Local runners may choose to make direct execution a dry-run and reserve actual node startup for make sandbox or a --run flag.

Sandbox runners that subscribe to a fixed set of upcoming markets should load a large enough horizon for the planned session. For BTC 5m runners, LIVE_BTC_5M_MARKET_COUNT=36 covers about three hours of forward market discovery while rolling refresh keeps advancing the window. Increase or reduce that value based on the forward horizon a strategy needs to see at startup.

Public Polymarket Data

The sandbox helper uses public Polymarket CLOB market-data access. Nautilus 1.226's upstream Polymarket data factory constructs an authenticated CLOB client, but the framework sandbox helper registers a public-data factory so make sandbox does not require Polymarket API credentials for market-data-only paper trading.

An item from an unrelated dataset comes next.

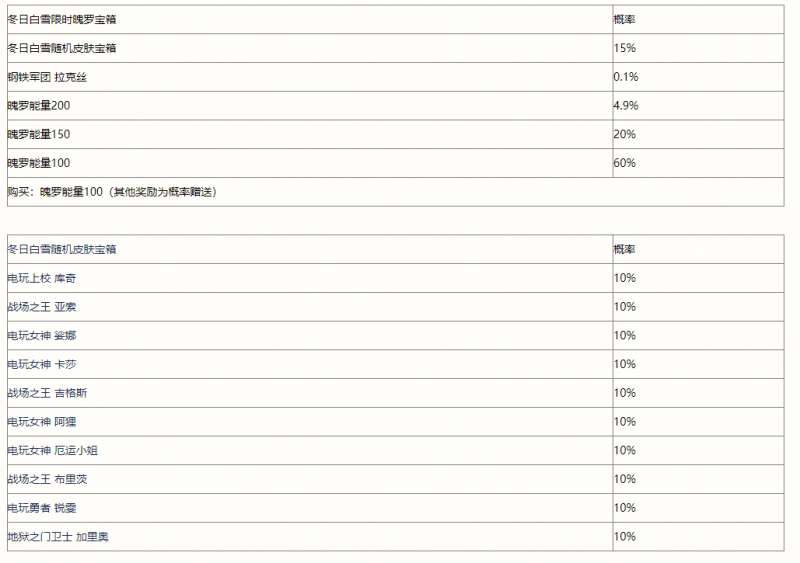 冬日白雪限时魄罗宝箱,20次至少掉落2个冬日白雪随机皮肤宝箱或钢铁军团 拉克丝,冬日白雪随机皮肤宝箱包含电玩系列皮肤和地狱之门卫士 加里奥。

The sandbox runner still uses Nautilus sandbox execution, so selected strategies paper trade unless you intentionally add a separate real live-trading command later.

Path To Live Polymarket Trading

Future real live trading should reuse the same structure:

  • make sandbox remains sandbox-only.
  • A separate command should be added for real live trading when it is ready.
  • Public-safe live runner scaffolds can live under live/.
  • Shared Polymarket adapter helpers should remain under prediction_market_extensions/live/.
  • Private keys, account identifiers, unpublished model parameters, and deployment-specific risk limits should stay out of tracked helper code.
  • Real Polymarket order routing will require authenticated Polymarket credentials and should not reuse the unauthenticated sandbox data factory for execution.

Before enabling real order routing, require explicit checks for account balances, market permissions, max order size, max daily loss, stale data, position limits, and emergency shutdown behavior.